Antoine’s close contacts have had to self-isoalte as well. Both her children have pre-existing conditions, so she’s had to keep her distance at home.
“It’s horrible because our our family’s a very tight-knit family,” Antoine said. ”
“My hands are all bleached because I’m constantly wiping things down and trying to stay safe. We have the windows open all the time, just trying to get fresh air in here.”
She said when the clinic announced they were closing due to a positive case of COVID-19 found at the health centre, many people in the community started to panic.
In order to quell some of the fears, she decided step out in front of the rumours and address the issue on Facebook.
“I needed to be honest and tell people it was me. I obviously wasn’t my fault that I got this. I tried in every way super diligent to keep it away from myself, but it can happen to anyone.”

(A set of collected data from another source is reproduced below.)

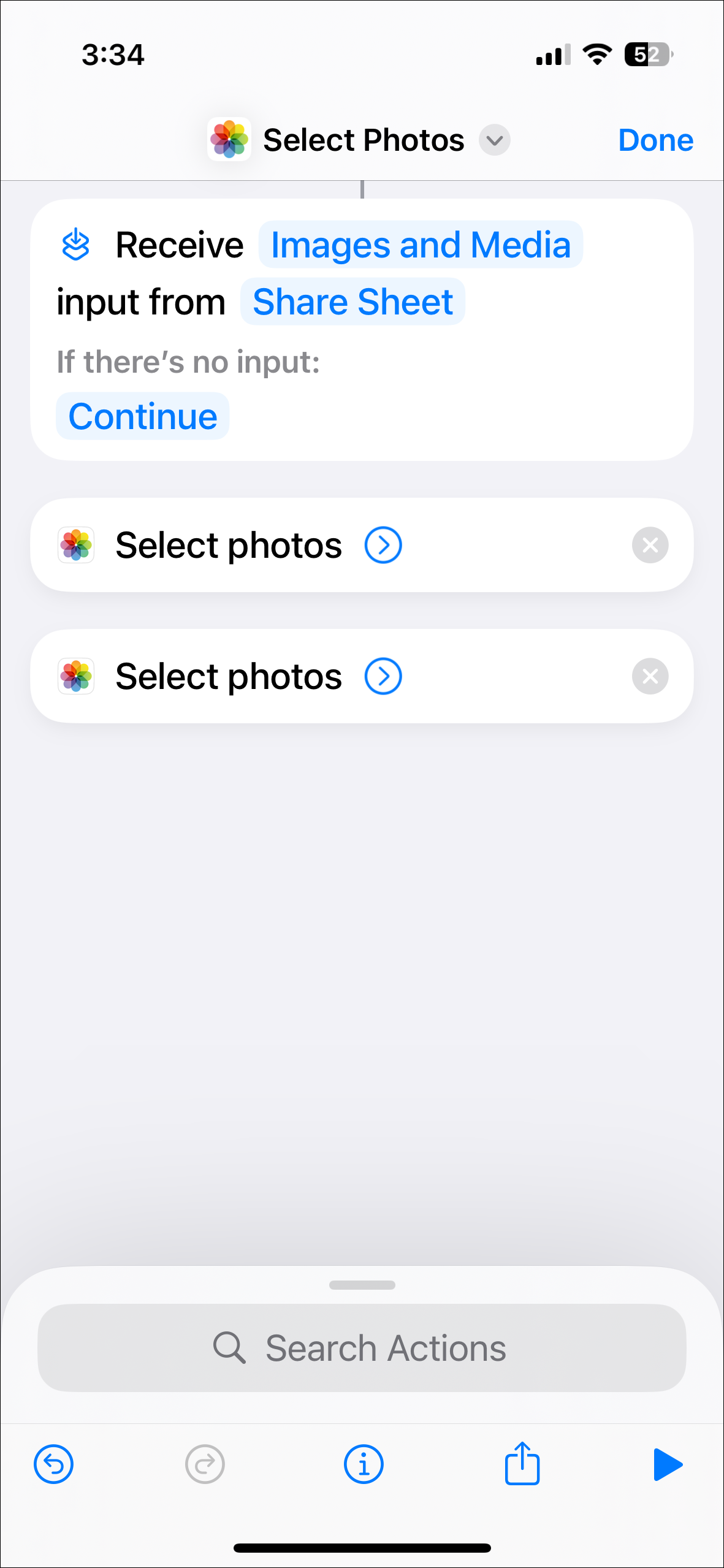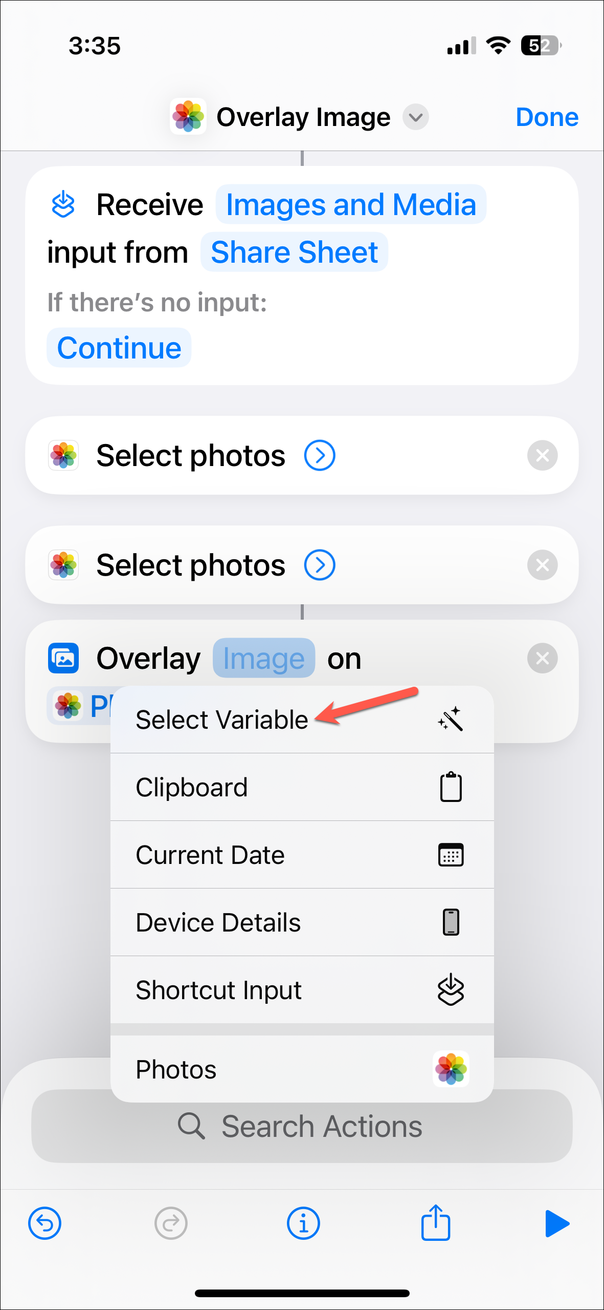 - Now, add another 'Select Photos' action using the steps 7 & 8 above.
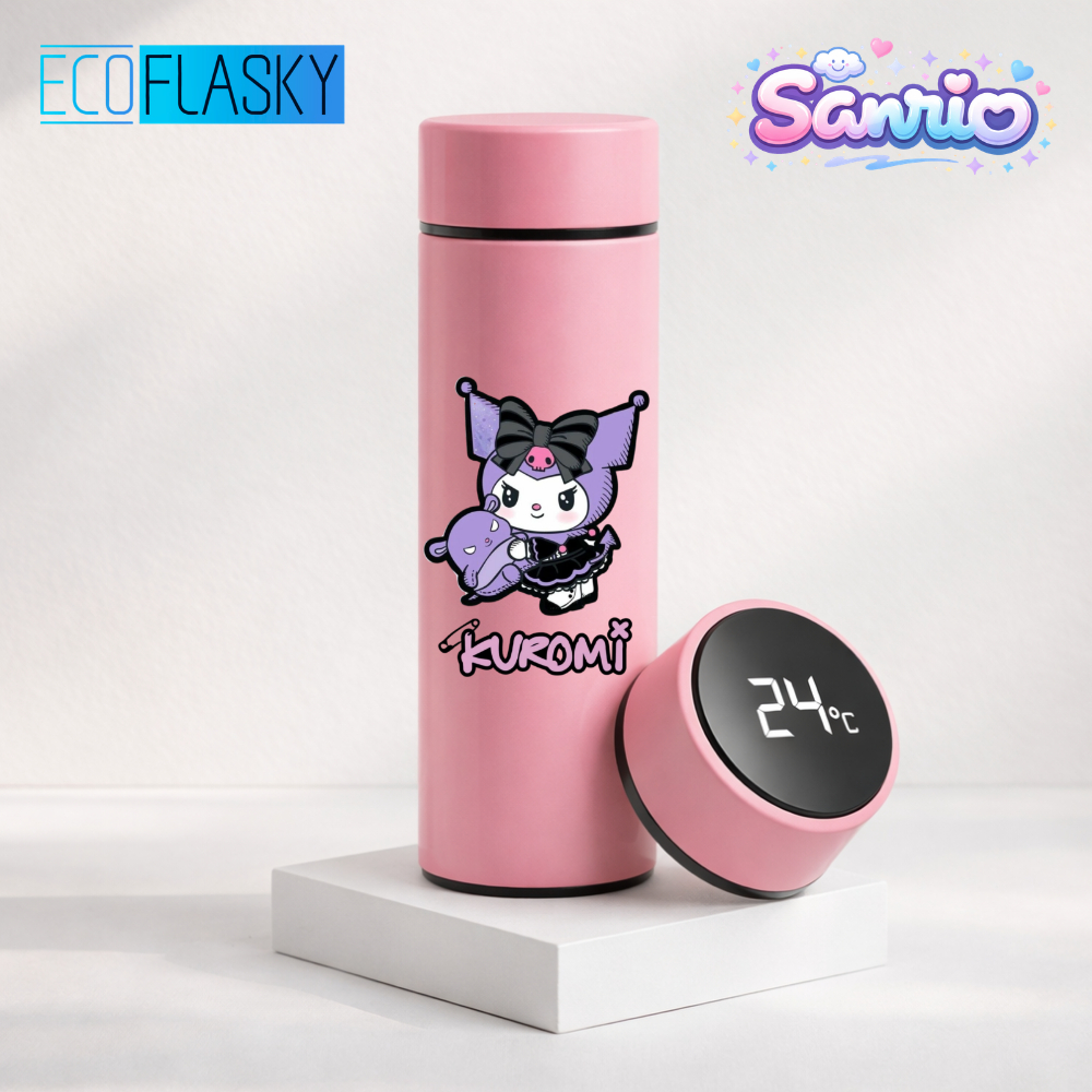 Garrafa Térmica De Água Infantil Aço Inox Estampada 500ml Kuromi Sanrio Termometro LED Digital
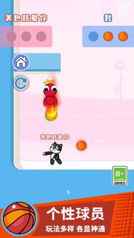 控制着自己的角色与对手进行对战,争取将篮球打入框中。
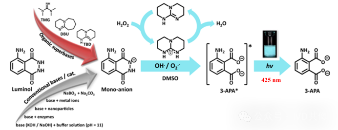 酶促化学发光免疫分析主要是将酶标记在抗原、抗体、配体或受体上进行免疫反应,随后免疫复合物上的酶作用于发光底物产生发光,最终通过发光信号测定仪进行测定。化学发光的强度由酶的浓度决定。辣根过氧化物酶(HRP)和碱性磷酸酶(ALP)是常用的标记酶,而鲁米诺和AMPPD则是代表性的发光底物。 鲁米诺是一种强效的化学发光物质,通常在中性溶液中以偶极离子(两性离子)形式存在。在碱性溶液中,它转变为二价负离子,并可被氧分子氧化为能产生化学发光的中间体。在氧化剂的作用下,鲁米诺被转化为激发态,随后激发态衰变回基态并发出荧光。鲁米诺发光的原理与羰基化合物的亲核加成相关,产生的荧光为蓝光,波长为425nm左右。这类化合物的发光特性为辉光型,发光时间可持续30~60min,启动发光反应后约2min发光强度达到最大。因此反应时间较长。由于底物在没有酶的情况下也有一定的发光因此一般本底较高;酶促反应可以放大发光过程,酶促化学发光一般灵敏度较高(样本的阴阳性分的较开);酶促化学发光对酶的纯度和工艺较高,标记物成本会略高;酶分子量较大,可能引起免疫反应导至产生抗体,需要警惕酶分子引起的假阳性。(个人观点,仅供参考)
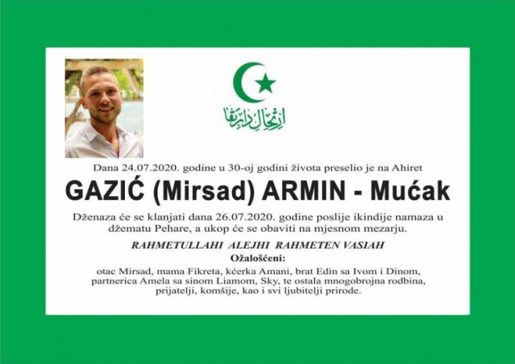 Arminu Gaziću danas će biti klanjana dženaza-namaz u njegovoj rodnoj Zenici, u džematu Pehare poslije ikindije namaza. Bit će ukopan na mjesnom mezarju.
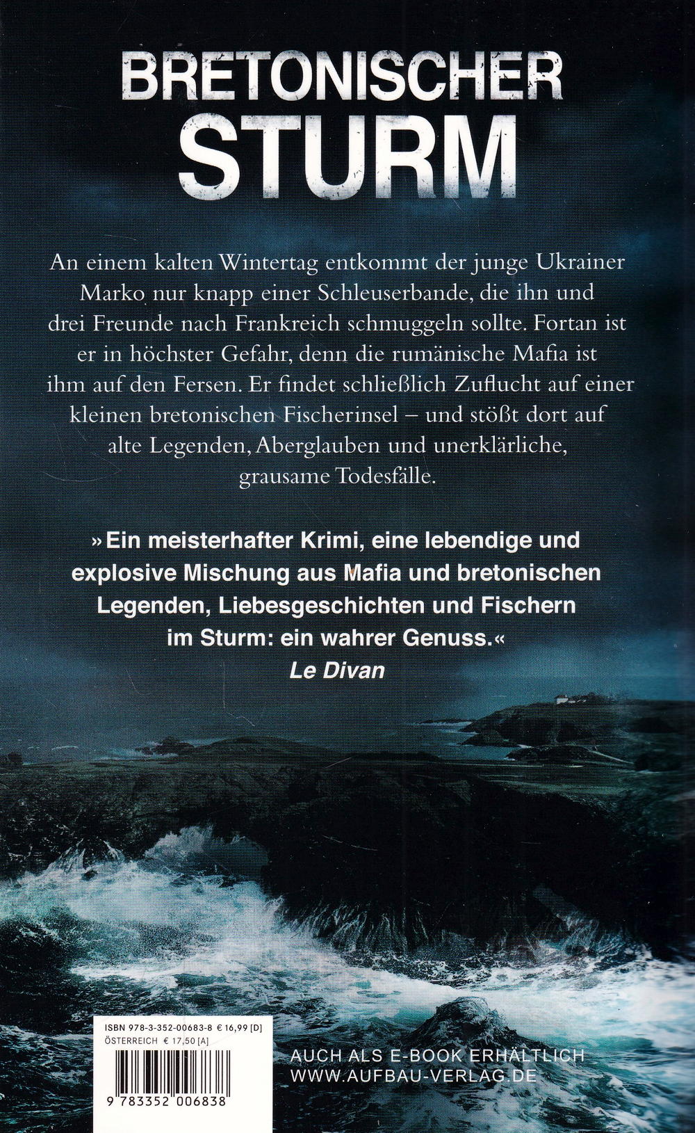 Bretonischer Sturm. An einem kalten Wintertag entkommt der junge Ukrainer Marko nur knapp einer Schleuserbande, die ihn und drei Freunde nach Frankreich schmuggeln sollte. Fortan ist er in höchster Gefahr, denn die rumänische Mafia ist ihm auf den Fersen. Er findet schliesslich Zuflucht auf einer kleinen bretonischen Fischerinsel – und stösst dort auf alte Legenden, Aberglauben und unerklärliche, grausame Todesfälle...
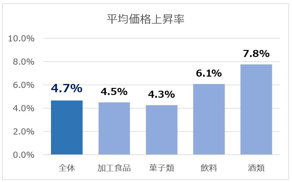 2023年1月の速報データでは、食品全体で4.7%の上昇率となった。酒類は7.8%で大幅上昇。
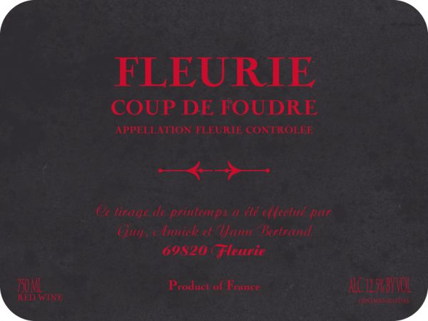 Organic. Parcel: Fond Chatonnes. Size: 0.75 ha. Vine Age: 60 years planted at high density (11k vines/ha). Soil: Granite over clay soil. Cold carbonic maceration between 10-12ºC for 20-25 days. Native yeast, with no sulfur added. 100% concrete tanks. Bottled unfiltered by gravity following the lunar calendar. 5000 btl produced. A retired vigneron in Fleurie offered to rent Yann this parcel after tasting his wines at the local café in the town center and being impressed. He told Yann they reminded him of the wines he drank when he was a young winemaker in Fleurie. The name is inspired from an old Chauvet cuvee.

Antoine started self-isolating before she tested positive for the virus. As of Monday, she is on day 11 of quarantining. When the 14 days are up, she will be swabbed not once but twice over two days for the virus, since she is a health-care professional.
Only if both those tests come back negative will she be allowed to get back to work.
As for the clinic — the only clinic in the Verona area — it will remain closed until public health reassesses the situation, most likely in early April.